How to Code the Merge Sort Algorithm in Python

Now let’s see it in Python…

def merge(left, right):
    result = []

    while (len(left) or len(right)):
        if (len(left) and len(right)):
            if (left[0] < right[0]):
                result.append(left.pop(0))
            else:
                result.append(right.pop(0))
        elif (len(left)):
            result.append(left.pop(0))
        else:
            result.append(right.pop(0))
    return result

def merge_sort(list):
    if (len(list) <= 1):
        return list
    
    pivot = len(list) // 2
    left = list[0:pivot]
    right = list[pivot:]

    return merge(merge_sort(left),merge_sort(right))

Evaluate the Plan

Can we do better?

It depends!

This is a standard implementation of merge sort, but there are still more sort algorithms to learn.

We’ll look at quick sort in the next tutorial.

What is the Big O Of Merge Sort Sequence?

The order of our mergeSort algorithm is O(n log n), or log linear. You can learn more in my article on the topic: Big O Log Linear Time Complexity.
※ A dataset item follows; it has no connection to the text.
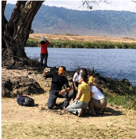
Figure 3 : Masques animaux. ©Christine Ambard, 2019.

animaux, un procédé pour créer, grâce à l'image, un espace de sympathie interspécifique en changeant son apparence pour tendre vers celle de l'autre ?

If you want to learn how to calculate time and space complexity, pick up your copy of The Little Book of Big O

Reflection

Remember those meta questions we asked at the outset? Let’s make it stick and answer them now!

• Why do I need to know this?

• What Problem(s) Does Merge Sort Solve?

• What is DRY?

Why Do I Need To Know This?

Merge sort is one of the “standards”. You’ll probably never write it on your own, but it’s good to know when you’re at a cocktail party and the topic of sorting algorithms comes up.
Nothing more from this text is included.